ABOUT THIS TASK: There is one span to output from the data below: the lines starting at the line with "下図は1940年代からのNY" and ending at the line with "Crafted with care, this". Output it exactly, ends included, nothing more.

PROVIDED RECORDS:
------------

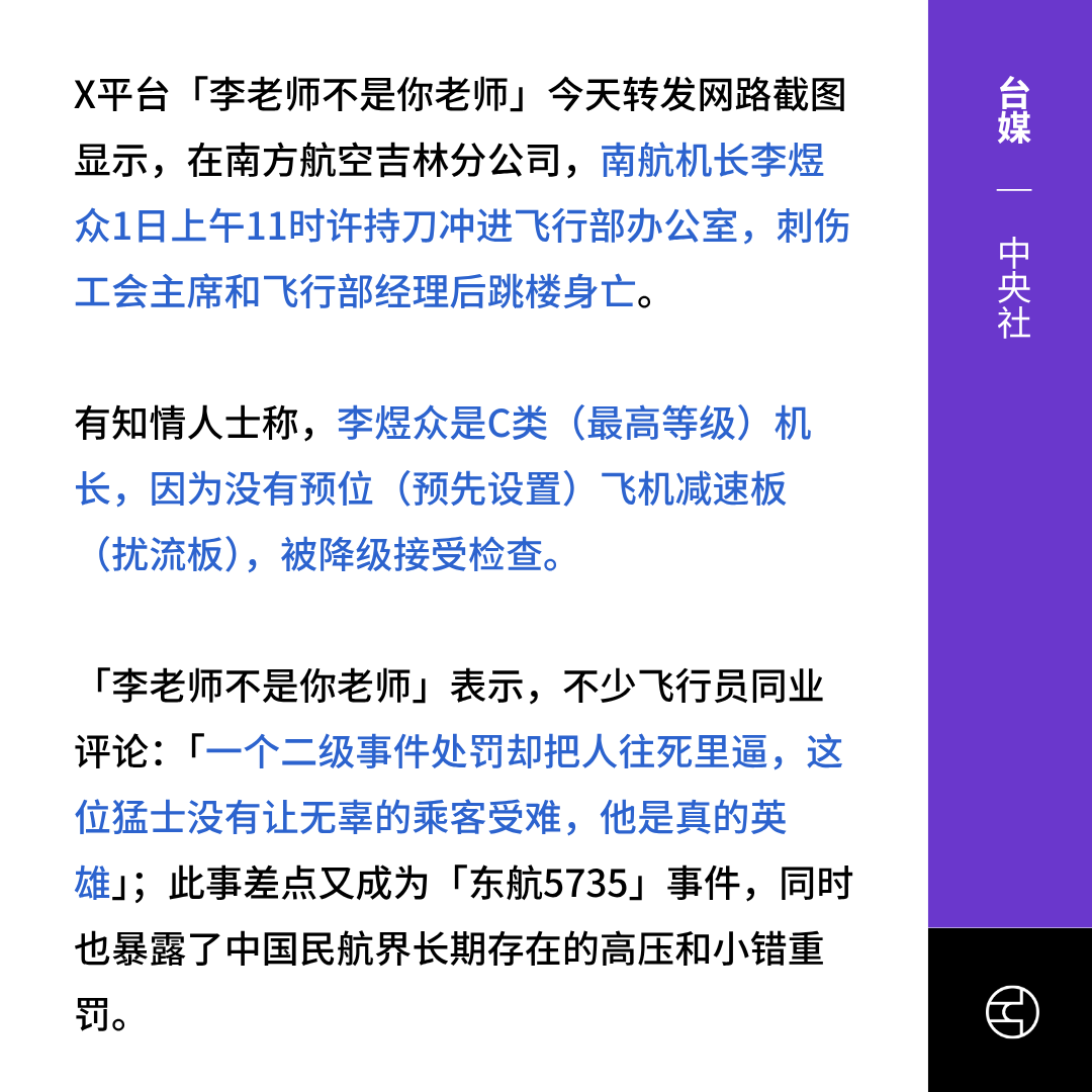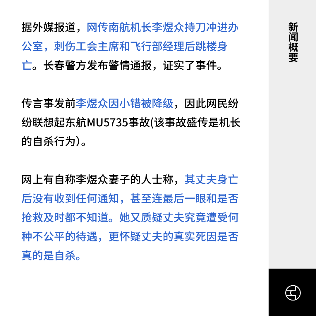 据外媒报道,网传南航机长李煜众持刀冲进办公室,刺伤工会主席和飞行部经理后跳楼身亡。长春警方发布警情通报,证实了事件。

------------

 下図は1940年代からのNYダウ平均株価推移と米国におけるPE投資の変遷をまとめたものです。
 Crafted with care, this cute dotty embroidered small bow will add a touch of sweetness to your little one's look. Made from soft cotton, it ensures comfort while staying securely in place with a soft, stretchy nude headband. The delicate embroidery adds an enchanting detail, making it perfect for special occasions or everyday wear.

------------

RESPONSE AREA:
 下図は1940年代からのNYダウ平均株価推移と米国におけるPE投資の変遷をまとめたものです。
 Crafted with care, this cute dotty embroidered small bow will add a touch of sweetness to your little one's look. Made from soft cotton, it ensures comfort while staying securely in place with a soft, stretchy nude headband. The delicate embroidery adds an enchanting detail, making it perfect for special occasions or everyday wear.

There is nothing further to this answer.